Nelle pagine Volume IX, Diocesi del Salento e della Calabria, (1662), Celsi riporta la descrizione che l’Ughelli fa della nostra comunità, basandosi sui resoconti ufficiali mandati a Roma dai Vescovi di Umbriatico:

“Crucullum habitatum fidelibus 1130. cum duabus parochialibus, Cœnobio Augustinorum, & Xenodochio.”

che tradotto significa:

“Crucoli, abitata da 1130 fedeli, con due parrocchie, un convento di Agostiniani e un ospedale (xenodochio).”

Una descrizione meritevole, prosegue Celsi, di interessanti approfondimenti.

Nei documenti del XVII sec. era in effetti comune trovare “Cruculi”, piuttosto che il più diffuso “Crucoli”, sebbene ancora diverso dal medievale “Curuculi”.

Il numero di 1130 fedeli registrato dall’Ughelli rappresenta un vero e proprio record demografico per l’epoca.

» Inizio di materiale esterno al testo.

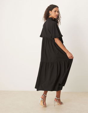 Puff Sleeve Bubble Hem Maxi Dress In Black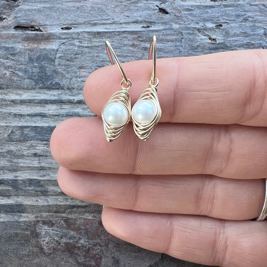 14K Goldfill Pearl Earrings | Genuine Pearl Gold Filled Wire-wrapped Dangle Earrings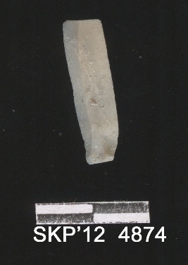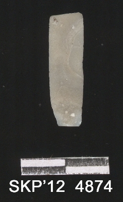 | Description / विवरण | This is chert blade, with one end broken and triangular cross section bulb of percussion at the other ends. Flaked ridges on the dorsal side. |
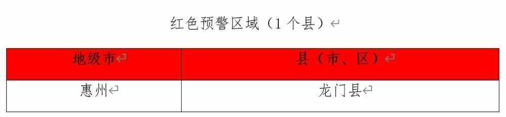 河源东源县、龙川县、紫金县,惠州博罗县,汕尾陆河县,梅州大埔县、丰顺县、梅江区、梅县区、平远县、五华县、兴宁市,广州从化区,揭阳揭东区、揭西县、普宁市,清远佛冈县、英德市,韶关翁源县、新丰县,潮州潮安区、饶平县,局地发生山洪灾害可能性大(橙色预警)。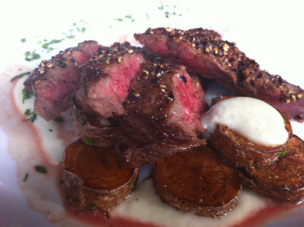 I also ordered skirt steak au poivre (at the recommendation of the server) with confit fingerling potatoes and a dijon-fennel soubise (Google tells me that a soubise is an bechamel sauce with onion added – no wonder I kind of liked it).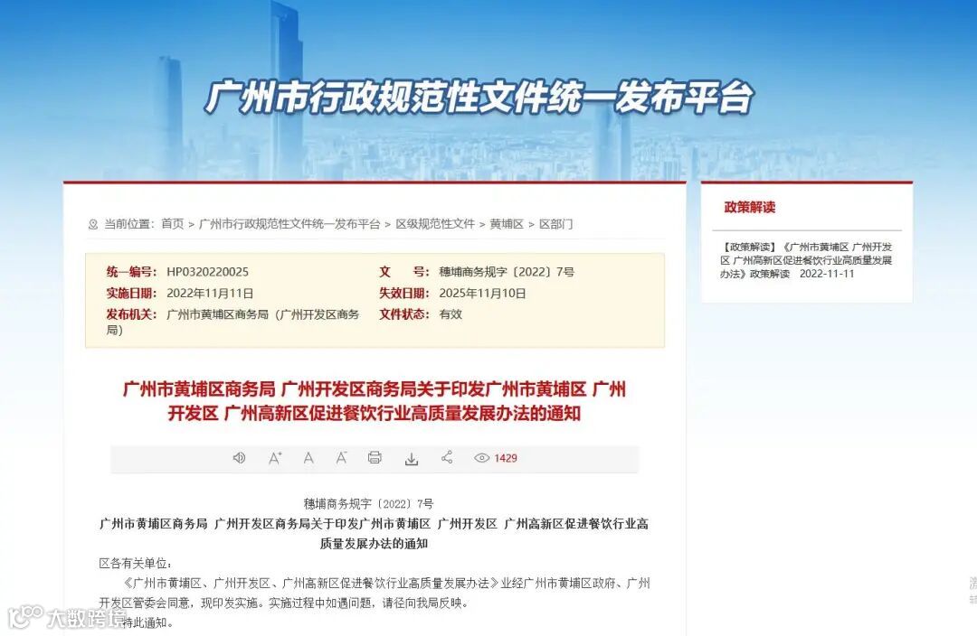 近日,广州市黄埔区、广州开发区商务局,正式对外发布《广州市黄埔区 广州开发区 广州高新区促进餐饮行业高质量发展办法》(简称“餐饮8条”)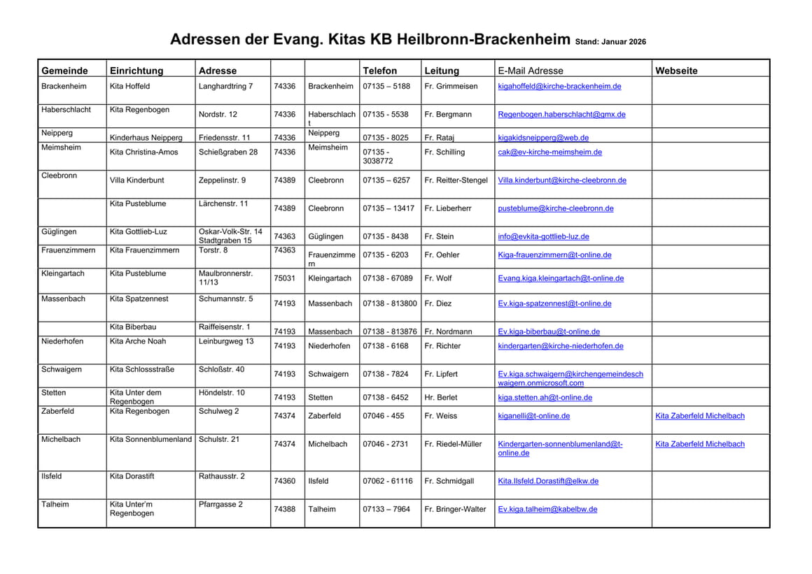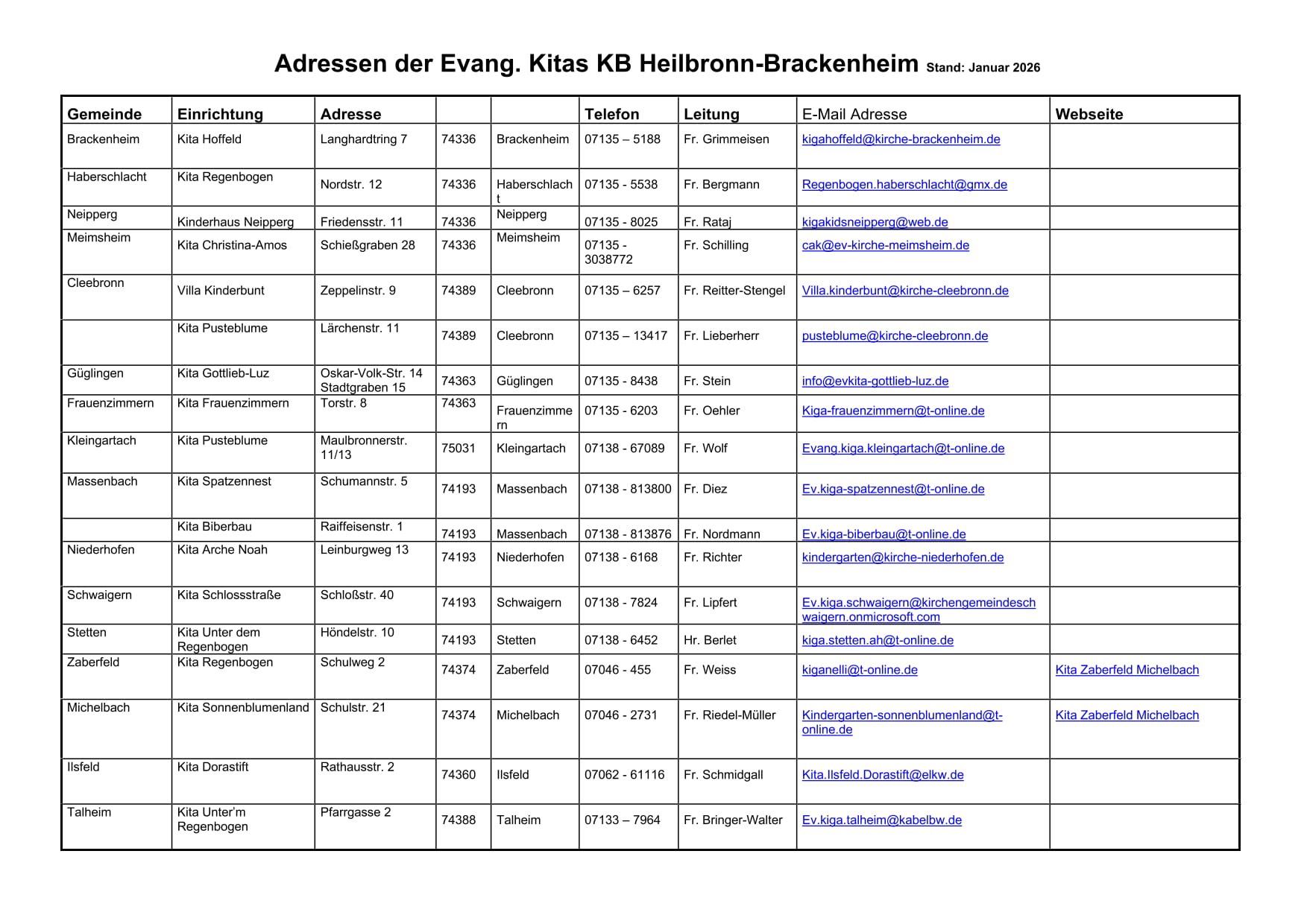 Unsere Kindertageseinrichtungen im Kirchenbezirk Heilbronn-Brackenheim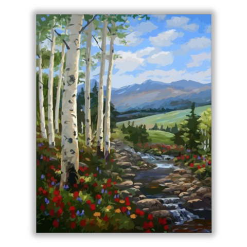 Patak csobogás - számfestő készlet – 40×50 cm (Keret nélkül) A festmény békés hangulata az erdei patak csobogását idézi fel, amely elcsendesíti a lélek zaját. Egy titokzatos utazásra invitál, ahol a természet szépségei között barangolhatunk. A színek vibr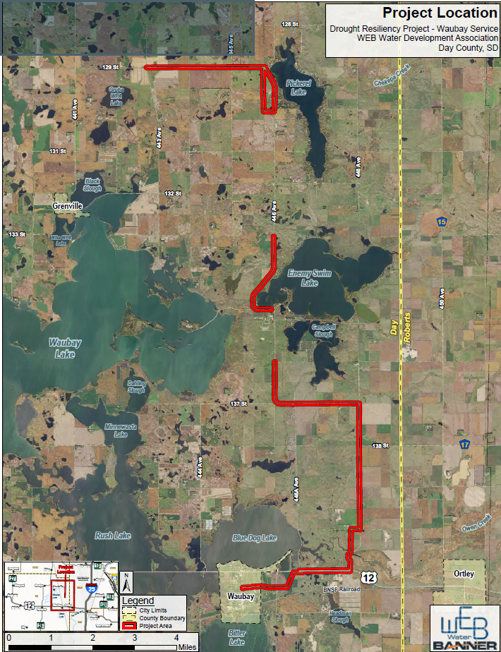 DAY COUNTY, S.D. — The Bureau of Reclamation and WEB Water Development Association, Inc. (WEB) are seeking public input on the Waubay and Day County Drought Resiliency Project, a federally supported initiative to enhance reliable water access in Day County, South Dakota. This project proposes the construction of approximately 17 miles of rural water pipeline, improving long-term water supply reliability for the region, including the Lake Traverse Reservation. Public comments are accepted through August 28, 2025.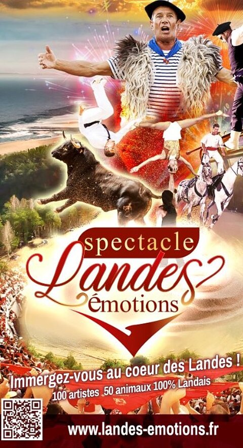 Immergez-vous au coeur des landes avec la cinéscénie landaise ! Landes Emotions vous propose un concentré de richesse de notre département, à travers une programmation authentique, dynamique et spectaculaire. Partagez des moments de cultures, d'émotions, de frissons et de traditions. Plus de 100 artistes et de 40 animaux 100% landais pour une grande soirée son, lumières et pyrotechnie à partager en famille ou entre amis. Unique spectacle à avoir obtenu le label "Landes terre des possible".

Corrispondeva a circa 230 famiglie (più precisamente i fuochi nella definizione di allora del fisco) e fotografa Crucoli nel momento di massima espansione del Seicento. Da lì a poco, purtroppo, le epidemie e la pressione fiscale avrebbero ridotto drasticamente il numero degli abitanti, con un calo netto dei “fuochi” di 90 unità, pari al 38% della popolazione, circa 450 abitanti.

La presenza di due parrocchie attive (la maggiore intitolata all’Assunzione di Maria e l’altra a S. Pietro) in un borgo di queste dimensioni racconta di una comunità religiosa vivace e ben organizzata, dove la vita quotidiana dei cittadini era profondamente scandita dai ritmi e dalle festività di due distinti centri di culto.

La citazione menziona espressamente il cenobio degli Agostiniani. Si trattava del convento della Congregazione degli Zumpani che era stato costituito nel 1518 sotto il titolo della Ss.ma Annunciata, situato fuori le mura della Terra “distante un tiro di pietra in strada pubblica”. Il convento era però stato soppresso pochi anni prima della pubblicazione del libro, dalla riforma del papa Innocenzo X che ne aveva decretato la chiusura insieme a quella di molti altri piccoli conventi.

L’ultimo elemento citato è la presenza dello “Xenodochio”, un termine antico per indicare un ospedale o un ospizio per pellegrini. Non va immaginato come un moderno ospedale, ma come un luogo di accoglienza e carità gestito da una confraternita di cittadini laici. Si trovava nei pressi della Chiesa di Sant’Elia, vicino a una delle porte d’accesso al paese, pronto ad accogliere i viandanti e i bisognosi che arrivavano a Crucoli.

Una “Relatio coeva” al libro, del 1662, (una relazione scritta, un inventario o un documento storico-amministrativo redatto esattamente nella stessa epoca in cui il libro è stato scritto o stampato, n.d.r.)    accenna anche che fuori le mura presso il mare c’è la Chiesa detta di S. Maria de Maripuglia, celebre per la devozione e l’attrazione popolare.

Inoltre, Crucoli era già Marchesato e governata da Domenico Amalfitani, 2º Marchese di Crucoli, figlio di Diego Amalfitani e Vittoria Amalfitani (nata Lucifero), entrambi originari di Cotrone.